Step 2: Examine the catalytic reduction reaction. The unknown compound undergoes catalytic hydrogenation (H₂, Pt) to form decalin, which is a bicyclic saturated hydrocarbon. This implies that the unknown compound is a bicyclic structure with unsaturation that can be reduced to decalin.
Step 3: Consider the oxidation reaction with warm, concentrated potassium permanganate (KMnO₄). The reaction produces cis-cyclohexane-1,2-dicarboxylic acid and oxalic acid. This indicates that the unknown compound contains a double bond in a position that allows cleavage and oxidation to form these products. The cis configuration of the dicarboxylic acid suggests that the double bond is part of a ring system.
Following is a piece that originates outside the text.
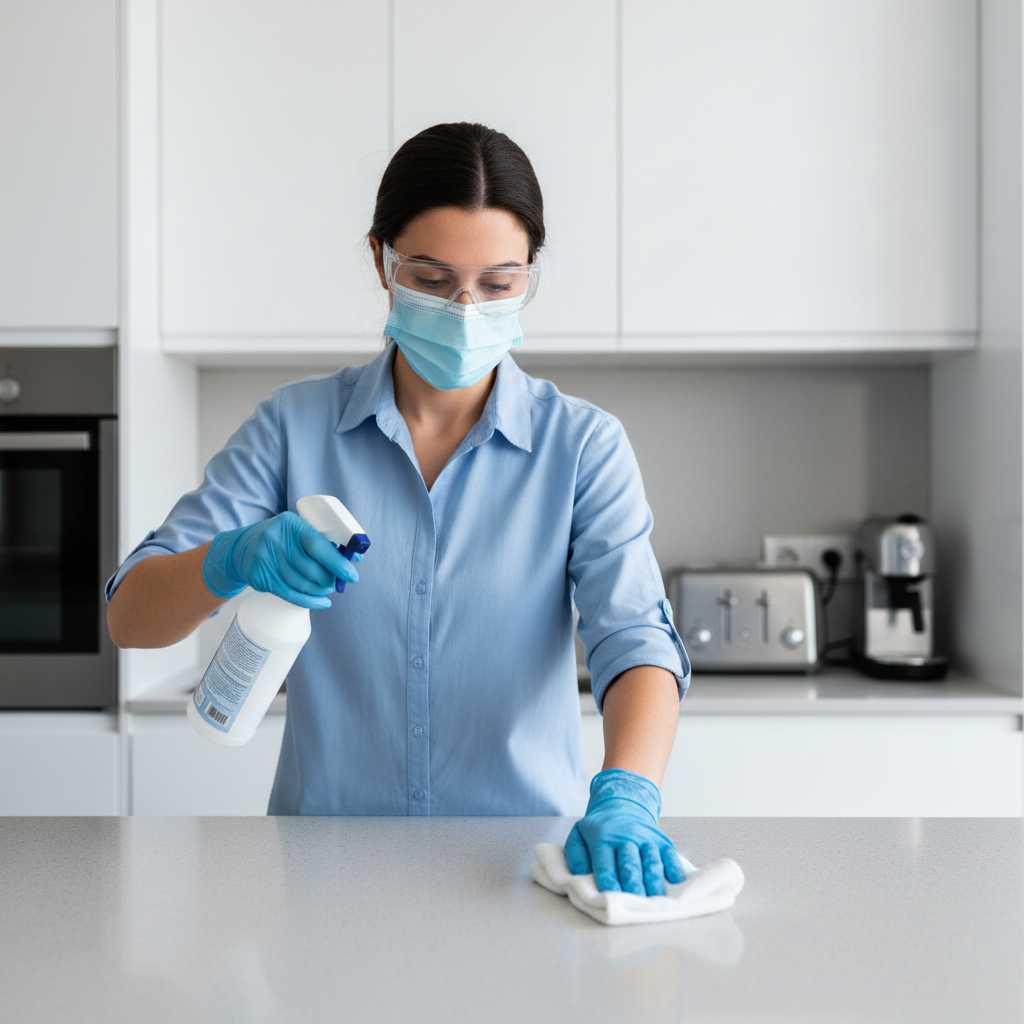 - Arbeitsflächen und Schränke: Reinigen und desinfizieren Sie alle Oberflächen gründlich. Achten Sie besonders auf Ritzen und Spalten.

Step 4: Propose the structure based on the products. The formation of cis-cyclohexane-1,2-dicarboxylic acid suggests that the double bond is located in a cyclohexane ring, and the production of oxalic acid indicates cleavage of a second double bond outside the ring. This points to a bicyclic structure with one double bond in the cyclohexane ring and another double bond in the second ring.
Step 5: Combine all observations to propose the structure. The unknown compound is likely bicyclo[4.4.1]undeca-1,3-diene, which contains two double bonds: one in the cyclohexane ring and one in the second ring. This structure satisfies the reactions observed and the products formed.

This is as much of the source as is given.